You can search the Configurations page for a specific setting that you want to update. If you do not know the configuration setting you want to modify, you can enter a keyword in the search box as in the image below. Search exampleResults return a list of the configuration groups with settings that match your search term. In this example, there is only one configuration group with the prefix keyword, Discovery Profiler. Click the View Details (>) icon to view the list of matching settings.

Changing configuration settings

If you want to change the file name prefixes that are ignored during discovery, you would modify the LDC Selector Ignore Prefixes setting in the Discovery Profiler configuration group, as shown in the following image.

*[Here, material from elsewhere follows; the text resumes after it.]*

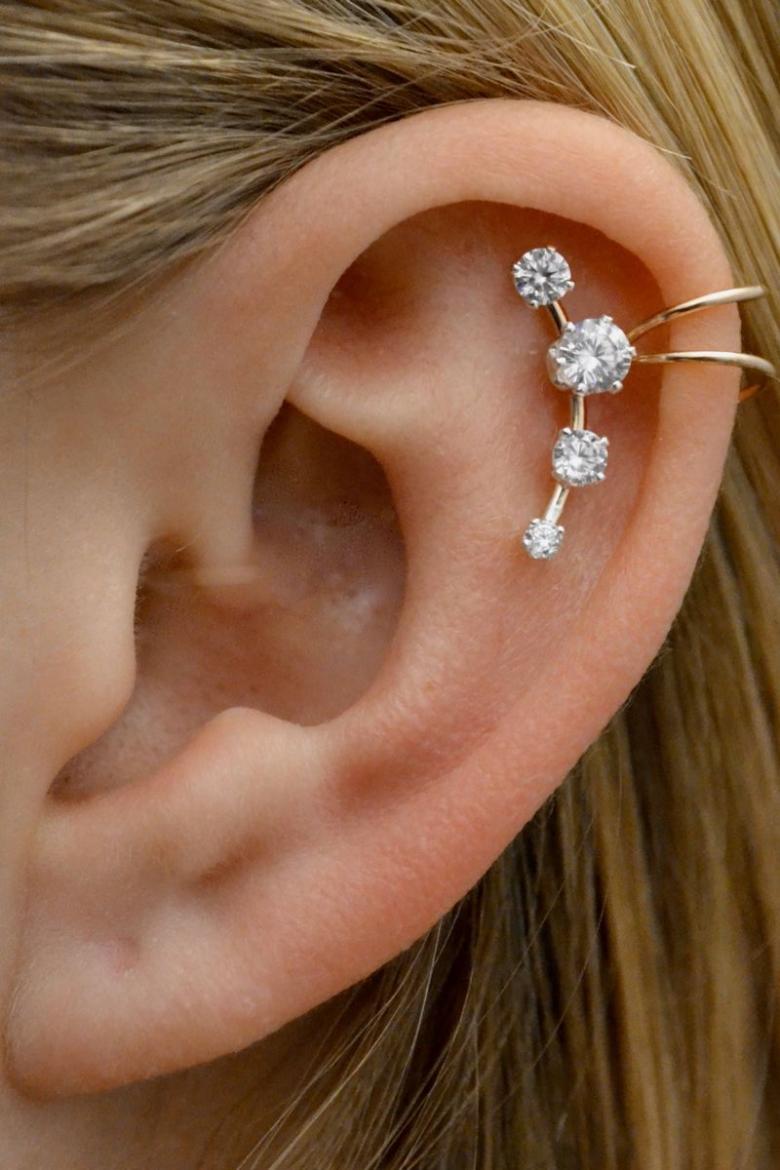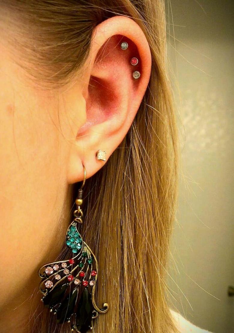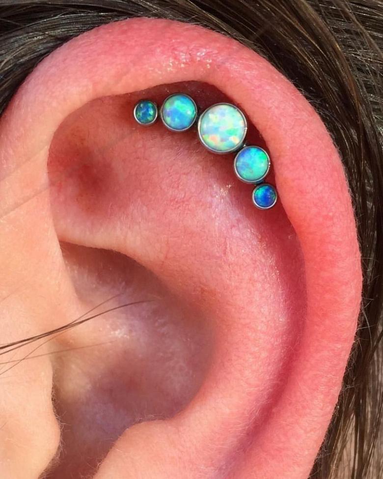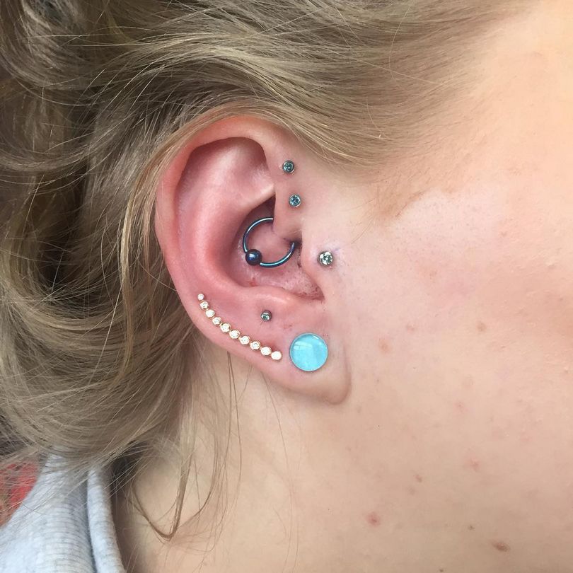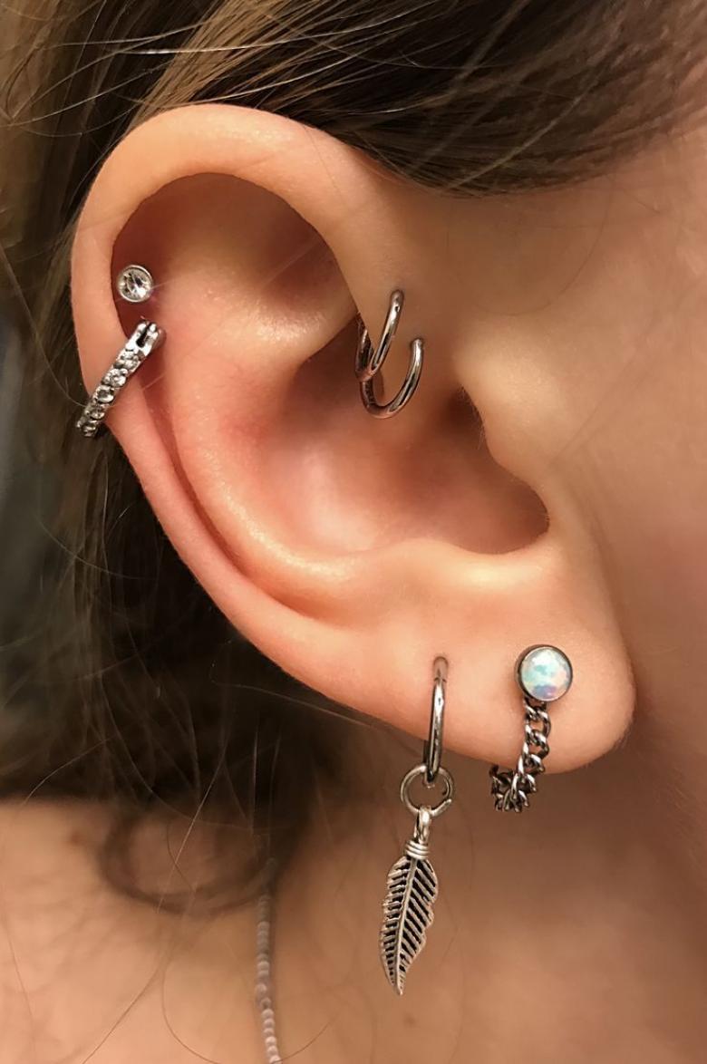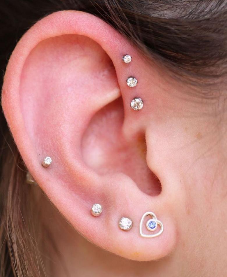 Piercing Helix - technique, procédure douloureuse, comment choisir bagues, boucles d'oreilles et autres bijoux, superbes photos
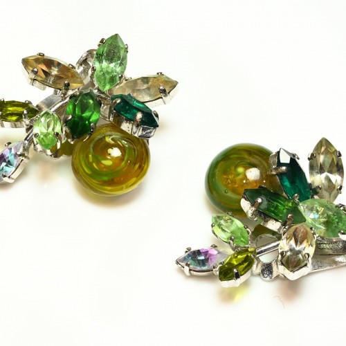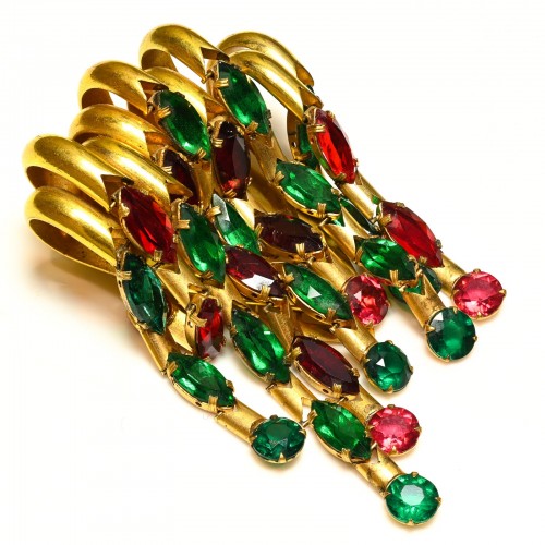 A striking jewel from the glamorous 1940s, this brooch embodies movement, color, and refined artistry. Tassels adorned with brilliant red and green crystals, shimmer with timeless allure. From the lower element, a cascade of fine tassels flows gracefully, creating a sense of rhythm and lightness with every motion.

NoteIf you have the administrator role, you can configure most settings in the Configurations page. Some settings are read-only, and you can not expand these settings. An example of read-only values are the Security settings for the LDC Application Server.
Asterisk indicating server restart is requiredThe functions of the buttons are described below:
  • Reset

    Reset to the last saved value.

  • Set to default

    Set the value back to the default value.

  • Save change

    Save the value specified in the text box.

If you change the value of the setting, make sure you save the change. For some LDC Agent configuration settings, you need to restart the agent after changing the setting. If the Value text box for a configuration setting displays with an asterisk (*), then an Agent restart is required.For more information, see Restart an agent.

Restart an agent

After you change some configuration settings, you need to restart the LDC Agent to use the new values. If the Value text box for a property displays with an asterisk (*), then an Agent restart is required.

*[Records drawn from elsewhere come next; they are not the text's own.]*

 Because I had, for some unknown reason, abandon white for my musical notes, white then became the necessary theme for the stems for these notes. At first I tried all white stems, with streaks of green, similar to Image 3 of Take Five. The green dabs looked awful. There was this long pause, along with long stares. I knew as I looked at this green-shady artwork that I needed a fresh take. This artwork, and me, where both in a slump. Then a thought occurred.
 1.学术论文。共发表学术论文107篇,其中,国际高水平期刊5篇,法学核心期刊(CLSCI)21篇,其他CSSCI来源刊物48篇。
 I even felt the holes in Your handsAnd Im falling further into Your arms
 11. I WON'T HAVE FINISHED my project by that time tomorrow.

  1. After you have updated your settings for the Agent, return to the Configurations page.
  2. Click Restart <agent>.
  3. Click Management, then click Agents to check the status of the LDC Agent.

    The Connected column for the LDC Agent displays a green checkmark icon.

Large properties configuration example

A common use case for managing configurations is to change the settings for large properties for an LDC Agent.

In Data Catalog, the large properties location is where the agent stores metadata from profile jobs. You can set up a large properties location in a file system like HDFS, or on object storage like AWS S3. This example illustrates configuring the large properties settings to an AWS S3 bucket.

Procedure

  1. Navigate to Management, then click Configuration.

  2. Locate the configuration section for the agent where you want the large properties location to be set up. In that section, click the View Details for the MISC group to view all miscellaneous settings for that agent.

  3. Expand the Attributes for discovery cache metadata store setting and provide the credentials and the endpoint for your AWS S3 bucket:

    fs.s3a.access.key=<AWS S3 access key>
    fs.s3a.secret.key=<AWS S3 secret key>
    fs.s3a.endpoint=<AWS S3 endpoint>
    fs.s3a.path.style.access=true
    fs.s3a.threads.max=40
    fs.s3a.connection.maximum=200
  4. Click Save Change.

  5. Open the Relative location for a large properties metadata store setting. In the Value text box, provide a folder location in your S3 bucket. For example. /lp1.

  6. Click Save Change.

  7. Open the URI for discovery cache metadata store setting and provide the URI for the S3 bucket. For an AWS S3 URI, this setting is in one of two formats, depending on the agent for which you are configuring these settings:

    • For a remote agent running on EMR: s3://<Bucket Name>
    • Any other agent: s3a://<Bucket Name>
  8. Click Save Change.

  9. Navigate to the Configurations page and click the restart link of the applicable agent.